The pattern across all ten
Lay the ten systems side by side and the book's argument resolves into a single observation: **the controls are the same; only their intensity and placement change with blast radius. ** Every system treats inputs as untrusted by default, scopes data and tools to least privilege, gates effects deterministically outside the model, allowlists egress, and monitors. The browser agent's hardest control is the loop-taint-plus-human-gate because its untrusted-input surface is the whole internet. The RAG copilot's is the ACL-before-relevance because its risk is confidentiality across permission levels. The payment agent's is destination-binding-plus-cap-plus-approval because its blast radius is irreversible money movement. None of them relies on "the model refuses injection, " because, as the whole book has argued, that is not a control (a lesson reinforced by Greshake et al.). Each relies on the deterministic boundaries that hold when the model is fooled, placed and hardened in proportion to what the system can do. That proportionality is the design discipline: find your highest-blast-radius capability, put the hardest deterministic gate there, and work outward. A team that can fill in the seven-part worksheet for its own system, with a populated "required controls" and a hard "unacceptable residual risks" list, has done the work this book exists to demand, and has stopped asking whether the model can be tricked, because it has made the answer not matter.
Chapter summary
The book's frameworks survive contact with ten real systems, each modeled as assets, untrusted inputs, tools, dominant attack paths, required controls, unacceptable residual risks, and a launch checklist, ordered by rising blast radius. The browser agent (whole internet as attacker) hardens the loop-taint-plus-human-gate on authenticated actions after browsing; the email assistant binds the send recipient and forbids autonomous external forward; the enterprise RAG copilot lives or dies on ACL-before-relevance and tenant isolation; the support agent (Chapter 1's system) field-scopes account reads, human-reviews sends with the resolved draft, and runs an adversarial memory gate; the coding assistant treats repo/dependency content as untrusted and puts shell/deploy behind approval in a least-privilege egress-allowlisted sandbox; the CRM agent gates bulk operations and exports with per-session budgets and reversibility; the HR assistant enforces top-tier per-employee scoping and never persists special-category data; the legal assistant strips concealment, makes extractions attributable to source spans, and isolates matters against a correctness-as-attack path; the OCR assistant stamps OCR output untrusted and surfaces the extreme human-visible-vs-model-visible gap to reviewers; and the payment/refund agent, highest blast radius, binds the destination to the account on file, hard-caps the amount in policy, requires approval over a low threshold, and enforces a cumulative budget. Laid side by side, the controls are the same across all ten, untrusted by default, least privilege, deterministic gates on effect, egress control, monitoring, and only their intensity and placement change with blast radius, so the design discipline is to find your highest-blast-radius capability, put the hardest deterministic gate there, and work outward.

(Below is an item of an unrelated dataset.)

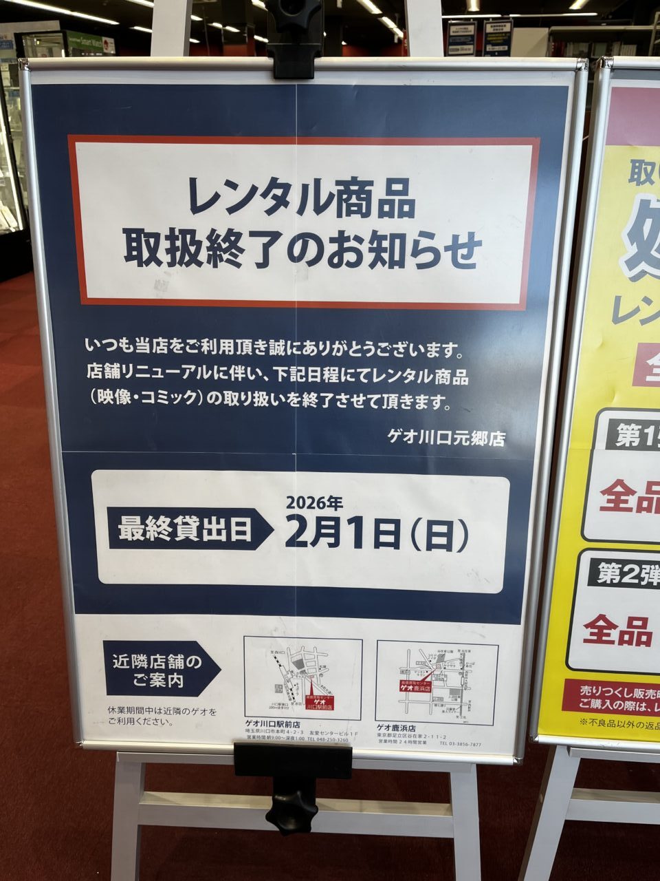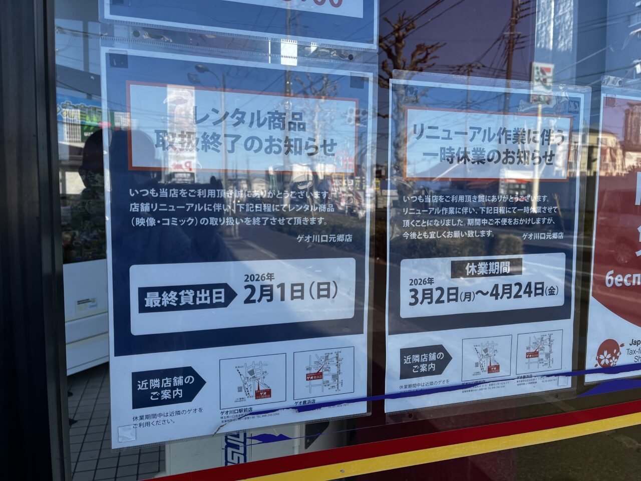 【川口市】「ゲオ川口元郷店」が大規模改装へ!2月2日より営業時間が変わり、3月2日から長期休店されるそうです。

None relies on the model refusing injection, because that is not a control; each relies on boundaries that hold when the model is fooled, which is how a team stops asking whether the model can be tricked and instead makes the answer not matter. The full reference set underpinning this chapter: OWASP LLM Top 10, OWASP Prompt Injection Prevention Cheat Sheet, Microsoft's defense writeup, and NIST's AI Risk Management Framework.